● **DIRECTIONS**: A faithful, picture-free copy of the listing below is required.

________________________________________

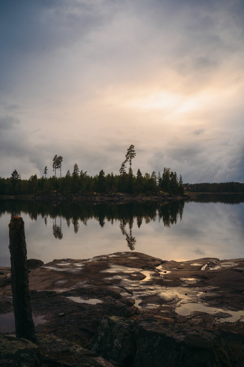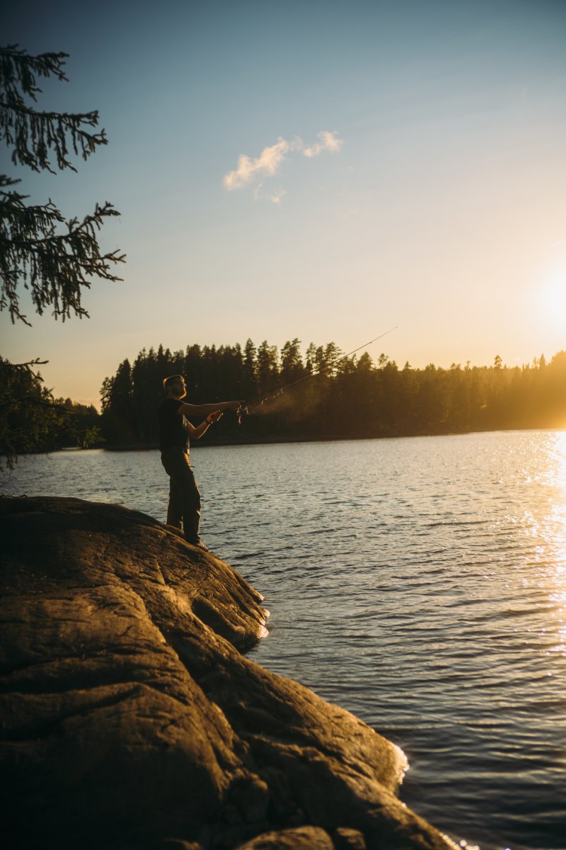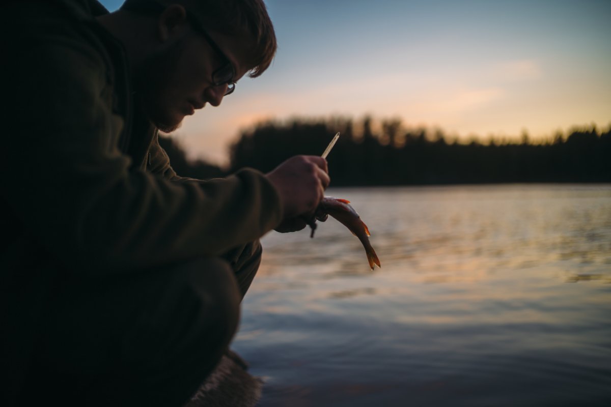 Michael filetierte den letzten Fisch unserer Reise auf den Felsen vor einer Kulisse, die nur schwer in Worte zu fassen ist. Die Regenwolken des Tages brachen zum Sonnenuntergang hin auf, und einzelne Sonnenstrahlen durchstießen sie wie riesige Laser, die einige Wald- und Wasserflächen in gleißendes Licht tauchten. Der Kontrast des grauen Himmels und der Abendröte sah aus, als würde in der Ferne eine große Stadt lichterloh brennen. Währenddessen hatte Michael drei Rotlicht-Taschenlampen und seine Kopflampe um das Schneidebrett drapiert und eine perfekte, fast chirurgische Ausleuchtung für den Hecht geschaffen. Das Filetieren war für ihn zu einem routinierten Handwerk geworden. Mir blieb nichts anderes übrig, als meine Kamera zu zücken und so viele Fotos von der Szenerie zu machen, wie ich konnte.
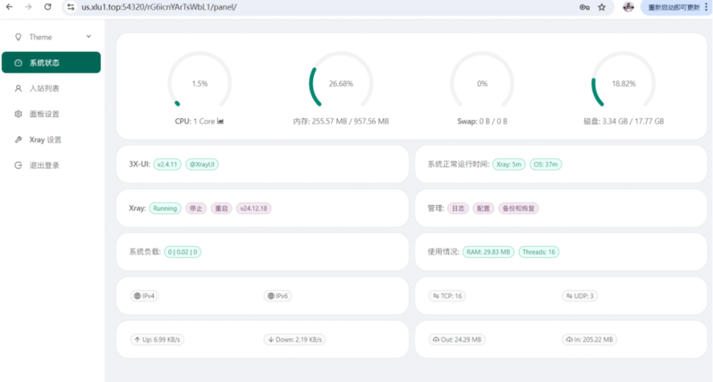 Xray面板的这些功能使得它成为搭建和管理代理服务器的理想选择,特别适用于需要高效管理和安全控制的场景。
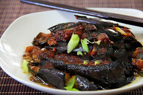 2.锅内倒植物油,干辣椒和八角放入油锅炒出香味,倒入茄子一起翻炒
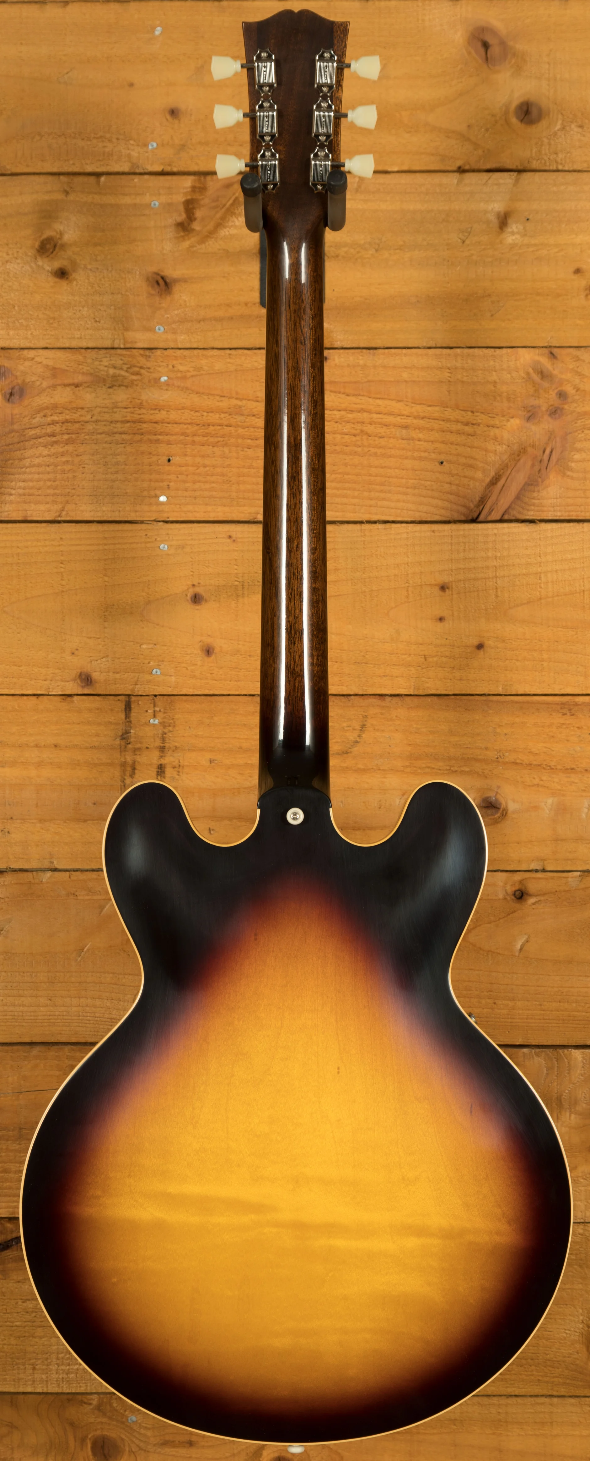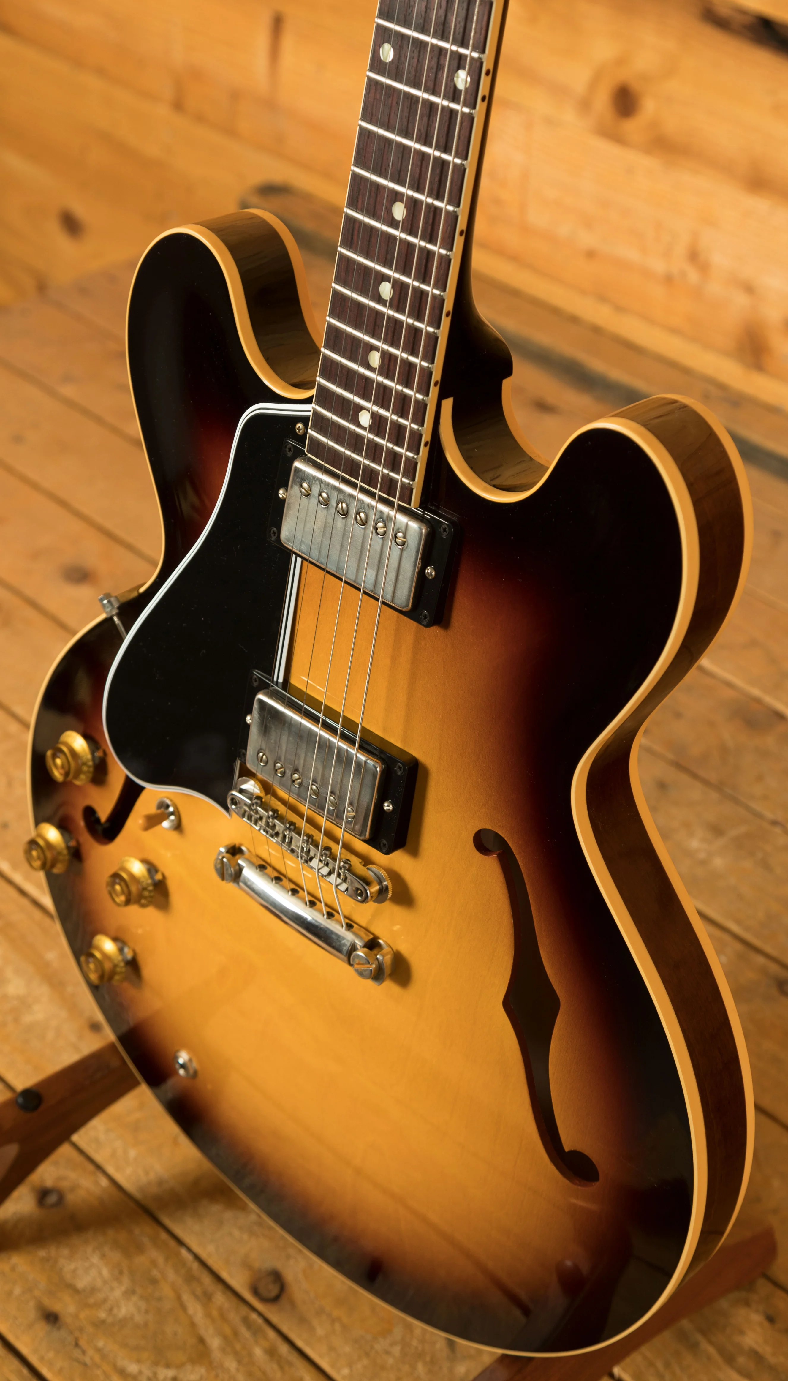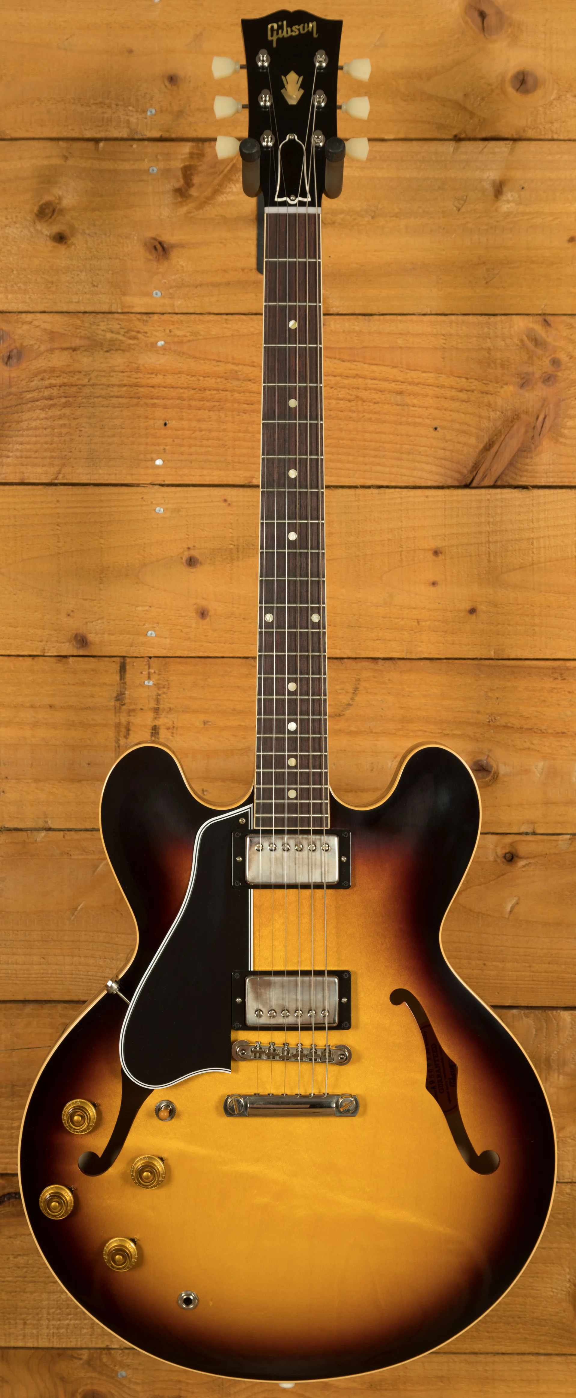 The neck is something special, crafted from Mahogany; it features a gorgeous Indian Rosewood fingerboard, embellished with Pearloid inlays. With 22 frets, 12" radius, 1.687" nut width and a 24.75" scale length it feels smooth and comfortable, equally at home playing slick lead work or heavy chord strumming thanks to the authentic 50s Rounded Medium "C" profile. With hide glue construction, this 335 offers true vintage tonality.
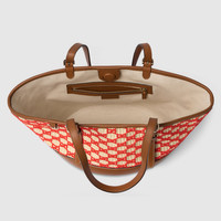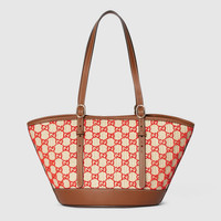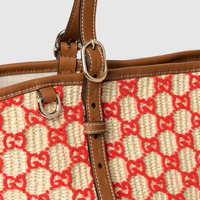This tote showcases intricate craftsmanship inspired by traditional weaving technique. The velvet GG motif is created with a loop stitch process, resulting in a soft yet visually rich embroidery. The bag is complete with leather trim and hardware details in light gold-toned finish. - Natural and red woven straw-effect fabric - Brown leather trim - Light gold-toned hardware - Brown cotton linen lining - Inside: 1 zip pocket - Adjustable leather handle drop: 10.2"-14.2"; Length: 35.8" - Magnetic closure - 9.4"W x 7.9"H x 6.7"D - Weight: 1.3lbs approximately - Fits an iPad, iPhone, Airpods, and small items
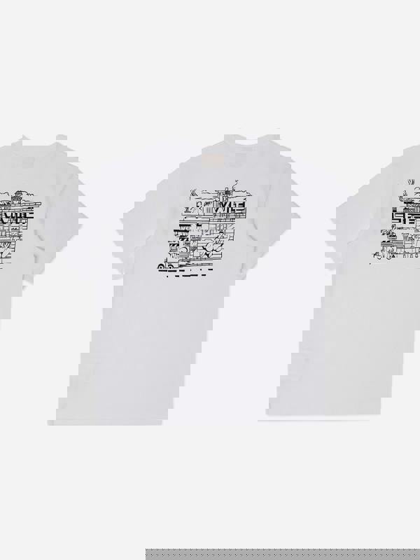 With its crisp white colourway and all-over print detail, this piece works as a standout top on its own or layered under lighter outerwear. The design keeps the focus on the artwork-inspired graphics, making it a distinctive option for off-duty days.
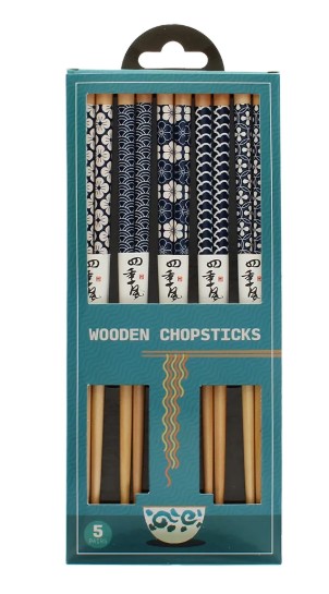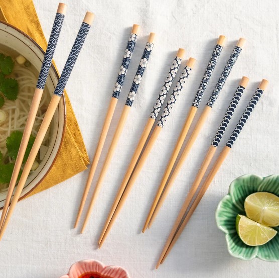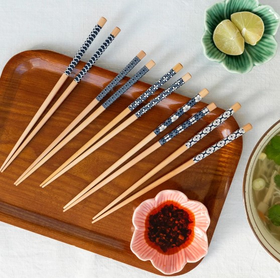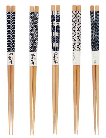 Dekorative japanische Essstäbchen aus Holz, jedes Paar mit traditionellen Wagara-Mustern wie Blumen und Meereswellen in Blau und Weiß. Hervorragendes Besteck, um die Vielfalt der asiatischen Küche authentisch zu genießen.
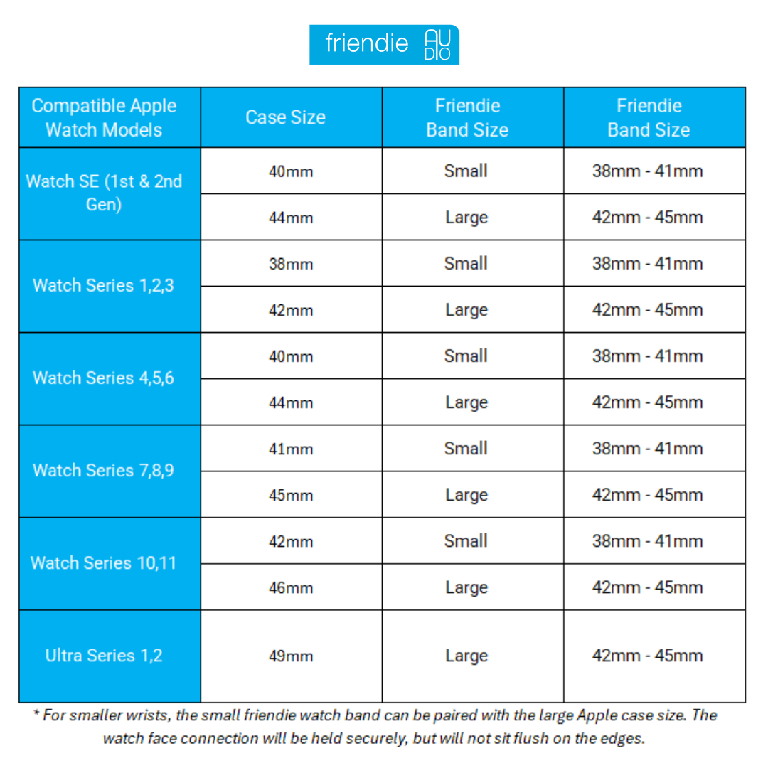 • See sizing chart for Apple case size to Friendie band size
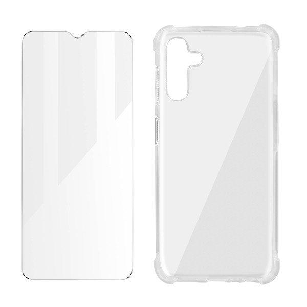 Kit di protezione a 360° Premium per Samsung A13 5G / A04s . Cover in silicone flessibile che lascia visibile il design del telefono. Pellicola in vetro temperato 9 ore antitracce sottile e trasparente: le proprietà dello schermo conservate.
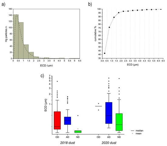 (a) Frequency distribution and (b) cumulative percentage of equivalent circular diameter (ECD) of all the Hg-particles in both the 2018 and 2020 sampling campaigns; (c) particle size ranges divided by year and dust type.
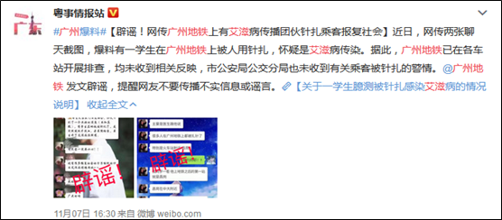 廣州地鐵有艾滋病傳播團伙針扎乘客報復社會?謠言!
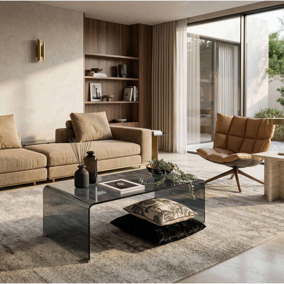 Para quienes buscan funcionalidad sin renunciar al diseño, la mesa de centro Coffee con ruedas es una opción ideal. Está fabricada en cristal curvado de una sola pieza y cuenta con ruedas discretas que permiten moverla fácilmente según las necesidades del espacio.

________________________________________

● **SOLUTION FOR THIS PROBLEM**:
 Michael filetierte den letzten Fisch unserer Reise auf den Felsen vor einer Kulisse, die nur schwer in Worte zu fassen ist. Die Regenwolken des Tages brachen zum Sonnenuntergang hin auf, und einzelne Sonnenstrahlen durchstießen sie wie riesige Laser, die einige Wald- und Wasserflächen in gleißendes Licht tauchten. Der Kontrast des grauen Himmels und der Abendröte sah aus, als würde in der Ferne eine große Stadt lichterloh brennen. Währenddessen hatte Michael drei Rotlicht-Taschenlampen und seine Kopflampe um das Schneidebrett drapiert und eine perfekte, fast chirurgische Ausleuchtung für den Hecht geschaffen. Das Filetieren war für ihn zu einem routinierten Handwerk geworden. Mir blieb nichts anderes übrig, als meine Kamera zu zücken und so viele Fotos von der Szenerie zu machen, wie ich konnte.
 Xray面板的这些功能使得它成为搭建和管理代理服务器的理想选择,特别适用于需要高效管理和安全控制的场景。
 2.锅内倒植物油,干辣椒和八角放入油锅炒出香味,倒入茄子一起翻炒
 The neck is something special, crafted from Mahogany; it features a gorgeous Indian Rosewood fingerboard, embellished with Pearloid inlays. With 22 frets, 12" radius, 1.687" nut width and a 24.75" scale length it feels smooth and comfortable, equally at home playing slick lead work or heavy chord strumming thanks to the authentic 50s Rounded Medium "C" profile. With hide glue construction, this 335 offers true vintage tonality.
This tote showcases intricate craftsmanship inspired by traditional weaving technique. The velvet GG motif is created with a loop stitch process, resulting in a soft yet visually rich embroidery. The bag is complete with leather trim and hardware details in light gold-toned finish. - Natural and red woven straw-effect fabric - Brown leather trim - Light gold-toned hardware - Brown cotton linen lining - Inside: 1 zip pocket - Adjustable leather handle drop: 10.2"-14.2"; Length: 35.8" - Magnetic closure - 9.4"W x 7.9"H x 6.7"D - Weight: 1.3lbs approximately - Fits an iPad, iPhone, Airpods, and small items
 With its crisp white colourway and all-over print detail, this piece works as a standout top on its own or layered under lighter outerwear. The design keeps the focus on the artwork-inspired graphics, making it a distinctive option for off-duty days.
 Dekorative japanische Essstäbchen aus Holz, jedes Paar mit traditionellen Wagara-Mustern wie Blumen und Meereswellen in Blau und Weiß. Hervorragendes Besteck, um die Vielfalt der asiatischen Küche authentisch zu genießen.
 • See sizing chart for Apple case size to Friendie band size
 Kit di protezione a 360° Premium per Samsung A13 5G / A04s . Cover in silicone flessibile che lascia visibile il design del telefono. Pellicola in vetro temperato 9 ore antitracce sottile e trasparente: le proprietà dello schermo conservate.
 (a) Frequency distribution and (b) cumulative percentage of equivalent circular diameter (ECD) of all the Hg-particles in both the 2018 and 2020 sampling campaigns; (c) particle size ranges divided by year and dust type.
 廣州地鐵有艾滋病傳播團伙針扎乘客報復社會?謠言!
 Para quienes buscan funcionalidad sin renunciar al diseño, la mesa de centro Coffee con ruedas es una opción ideal. Está fabricada en cristal curvado de una sola pieza y cuenta con ruedas discretas que permiten moverla fácilmente según las necesidades del espacio.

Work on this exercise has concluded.